_Your task_
Please return the records below exactly as they stand, with the pictures removed.

_Source data_

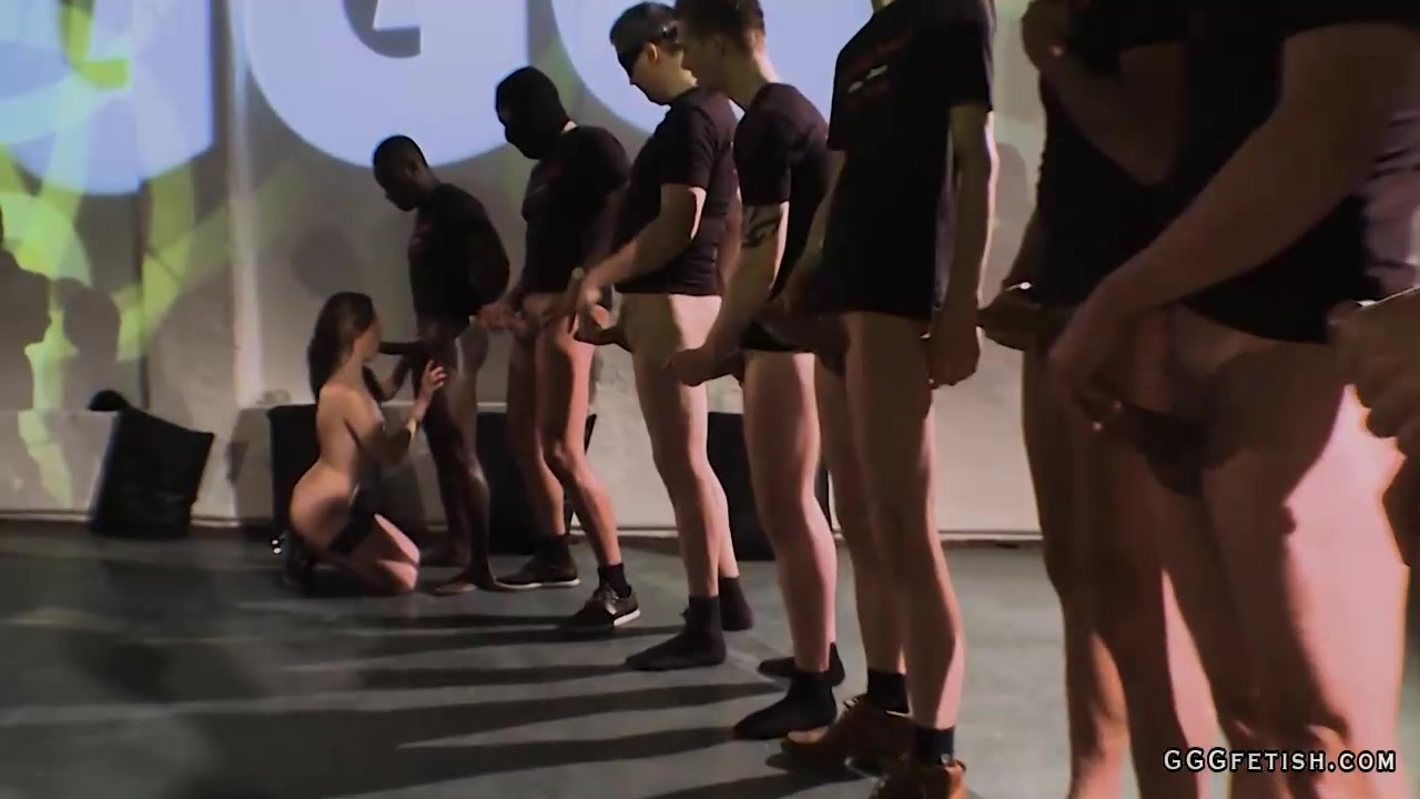 Dirty and horny redhead slut in black lingerie and stocking tina shows interracial gangbang actions with blowbang and oral blowjobs while she gets cumshots bukkakes and facials from hard dicks
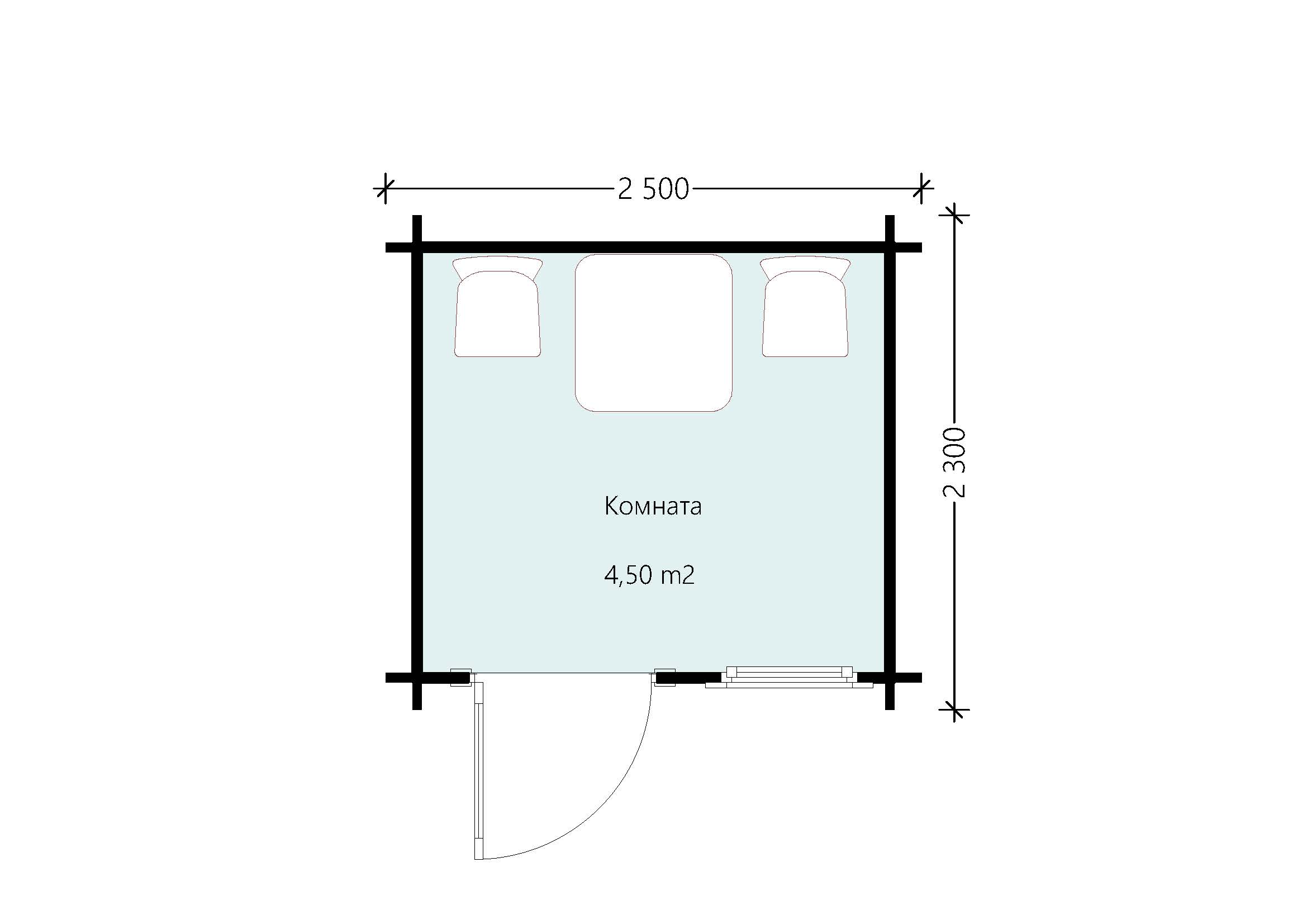 - Внешние размеры 2,5х2,3 м
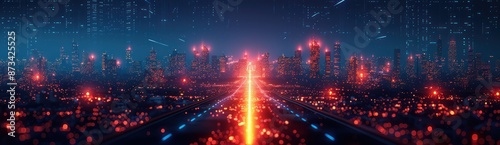 Cyberpunk Cityscape with Glowing Road
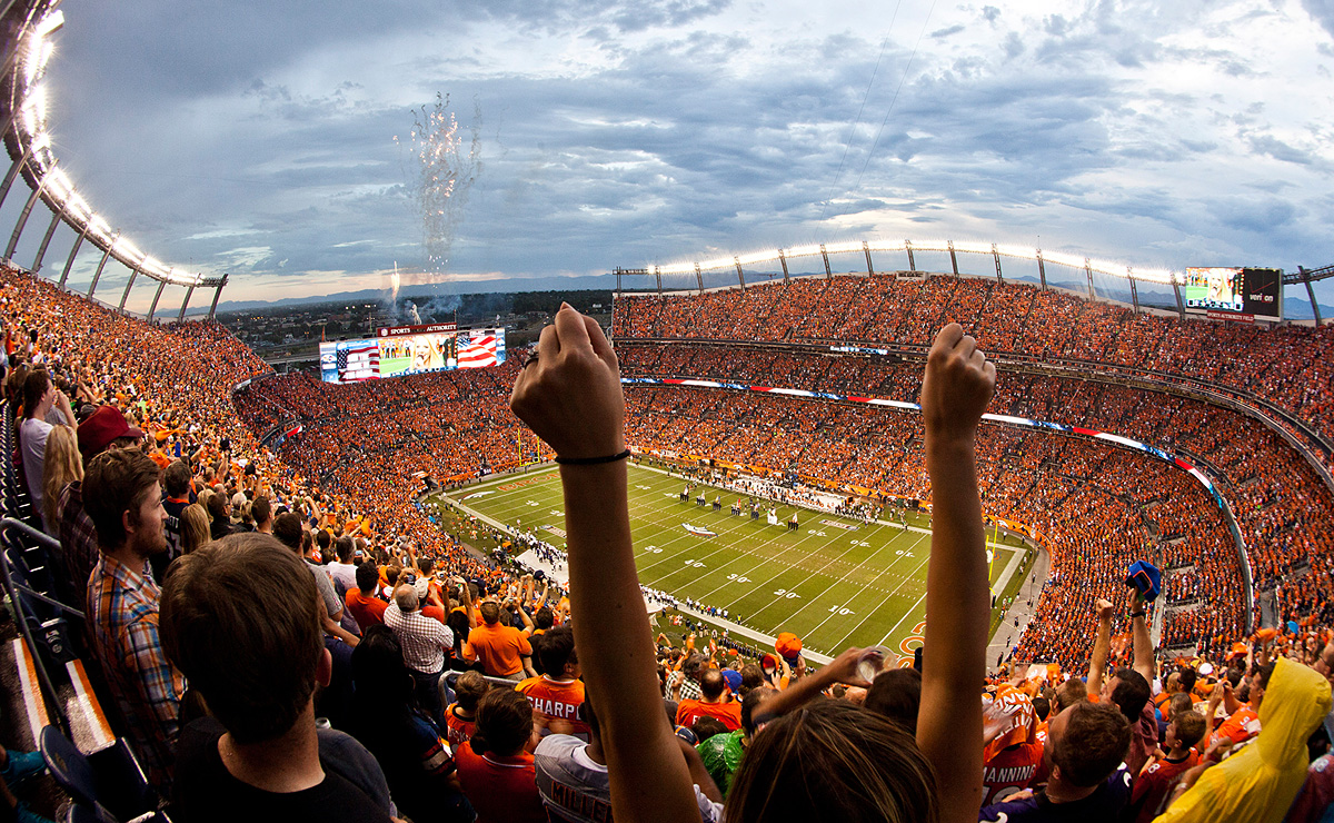 Denver Broncos: Das Zuhause der Denver Broncos ist das riesige Empower Field at Mile High Stadion. John Albert Elway ist einer der bekanntesten ehemaligen Quaterbacks der Broncos. Er spielte 16 Jahre für den Verein und führte sie zu 2 aufeinanderfolgenden Siegen im Super Bowl.
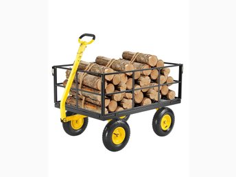 Extra kraftig trädgårdsvagn i stål med 635 kg kapacitet och 33 cm däck
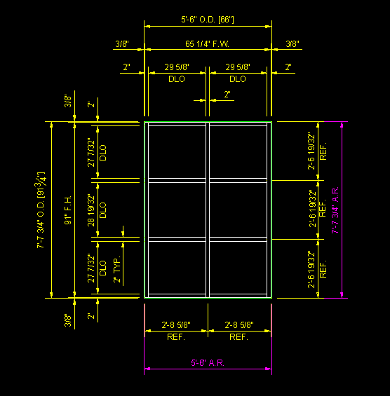 Jack_O'neill Posted March 10, 2012 Posted March 10, 2012 The subject of this discussion is why there are usually 2 sections in each file....one folder labeled "design" and one "as-built". I don't do much residential stuff, almost all of my work is on commercial buildings, and 90% of what I do are the curtain wall elevations and details. These elevations are generally dimensioned like this: Curtain wall is a little strange, and follows it's own path, but nearly everything gets dimensioned more than once so that there's no question about where it should go. OD in this case means "opening dimension", not outside diameter. FW is frame height, AR is "architectural reference". As you can see, the actual framing members are measured from the outside of the first to the centers, then to outside of the last. DLO means "daylight opening" and means just that...it's the amount of space daylight can pass through. The 3/8 dims you see at the top and bottom and each side is the caulk joint that goes all the way around the system. Confused yet? Quote

_Response area_
 Dirty and horny redhead slut in black lingerie and stocking tina shows interracial gangbang actions with blowbang and oral blowjobs while she gets cumshots bukkakes and facials from hard dicks
 - Внешние размеры 2,5х2,3 м
 Cyberpunk Cityscape with Glowing Road
 Denver Broncos: Das Zuhause der Denver Broncos ist das riesige Empower Field at Mile High Stadion. John Albert Elway ist einer der bekanntesten ehemaligen Quaterbacks der Broncos. Er spielte 16 Jahre für den Verein und führte sie zu 2 aufeinanderfolgenden Siegen im Super Bowl.
 Extra kraftig trädgårdsvagn i stål med 635 kg kapacitet och 33 cm däck
 Jack_O'neill Posted March 10, 2012 Posted March 10, 2012 The subject of this discussion is why there are usually 2 sections in each file....one folder labeled "design" and one "as-built". I don't do much residential stuff, almost all of my work is on commercial buildings, and 90% of what I do are the curtain wall elevations and details. These elevations are generally dimensioned like this: Curtain wall is a little strange, and follows it's own path, but nearly everything gets dimensioned more than once so that there's no question about where it should go. OD in this case means "opening dimension", not outside diameter. FW is frame height, AR is "architectural reference". As you can see, the actual framing members are measured from the outside of the first to the centers, then to outside of the last. DLO means "daylight opening" and means just that...it's the amount of space daylight can pass through. The 3/8 dims you see at the top and bottom and each side is the caulk joint that goes all the way around the system. Confused yet? Quote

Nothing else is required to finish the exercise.